Neste Carnaval de 2011, alguns amigos foram para Punta Del Este, outros para a praia do Cassino, muitos optaram por permanecer em Pelotas, alguém foi ver ao vivo as escolas de samba do Rio de janeiro, houve quem resolvesse estender as férias em Guaratuba. Tantas opções. Após algum tempo de trégua, em virtude dos inúmeros acampamentos anteriores prejudicados por chuvas torrenciais, voltamos ao programa preferido, no Carnaval: acampar a beira da barragem, a poucos quilômetros de casa. Programa que facilita a atividade masculina, os homens continuamente se ausentando para acompanhar o ritmo da colheita do arroz, o movimento dos caminhões transportando a safra para os engenhos, os fardos de feno sendo preparados, a chegada do graneleiro novo. Carnaval em março coincide com a colheita.

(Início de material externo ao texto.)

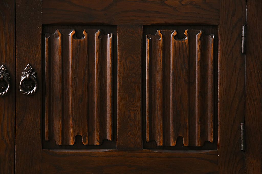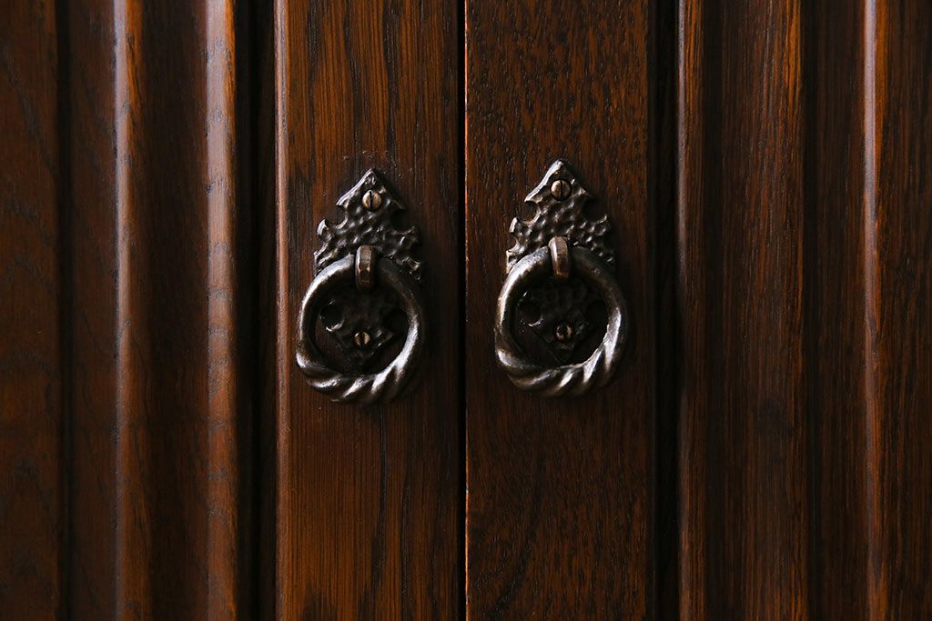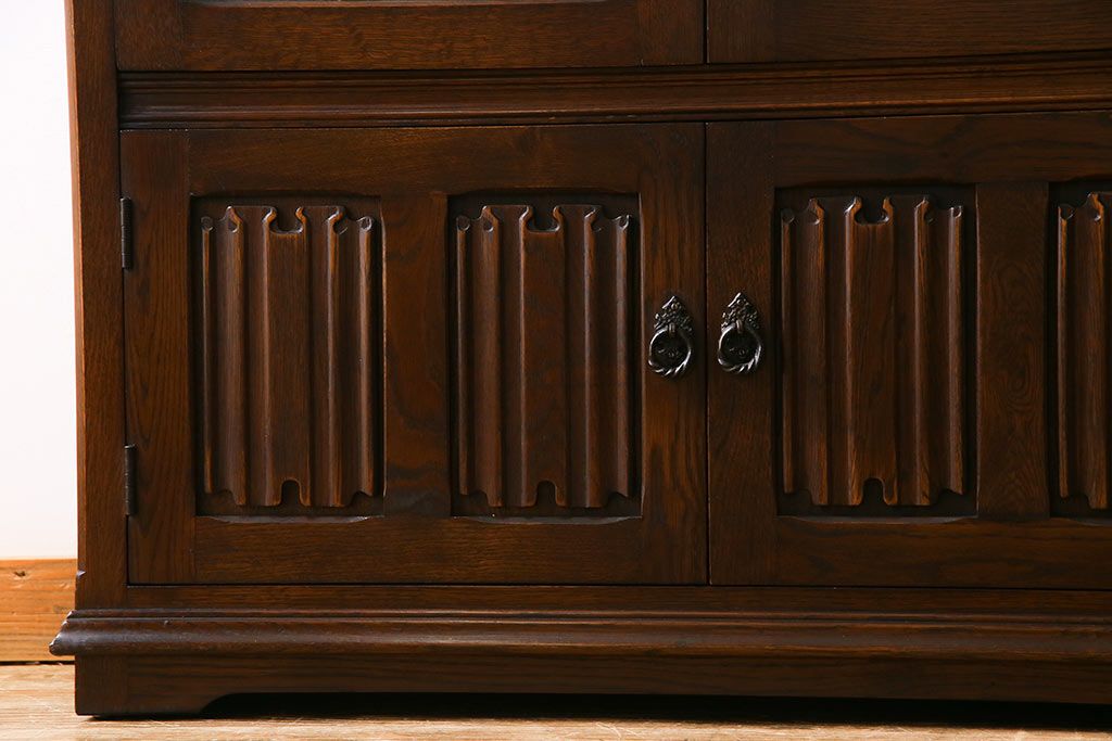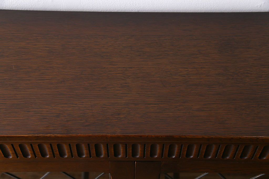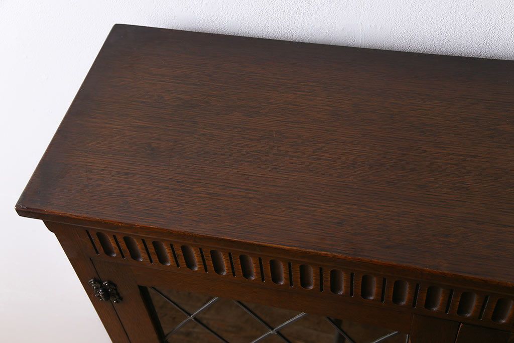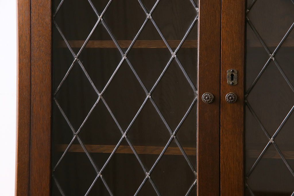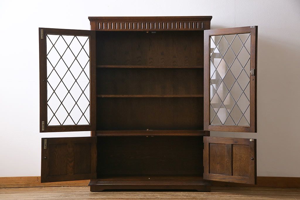 ヴィンテージ家具 イギリスビンテージ オーク材 ステンドグラスがおしゃれな上品なブックケース(飾り棚、食器棚、収納棚)

Desde que, antes dos filhos nascerem, começamos a freqüentar o açude que fornece a água para o arroz, com a praia de areia e o grande mato de eucaliptos, passaram-se muitos anos. Na simplicidade de inúmeros acampamentos, amizades e amores se fortaleceram. Mas acampamento é programa pra quem aprecia a natureza, o convívio simples, as brincadeiras sem malicia, a semeadura de lembranças felizes. Momentos bons que devem ser cultivados, antes que a vida nos pregue alguma surpresa. Como as chuvas de marco que enfim chegaram, trazendo a tragédia a vizinha cidade de São Lourenço. Vidas e amores preciosos levados pelas águas, na enxurrada inesperada. Outros perderam bens materiais, duramente conquistados. Para todos, nesse momento de dor e espanto, sobram as lembranças armazenadas. Do fundo do coração, desejo que sejam muitas e que delas brote a força para sobreviver.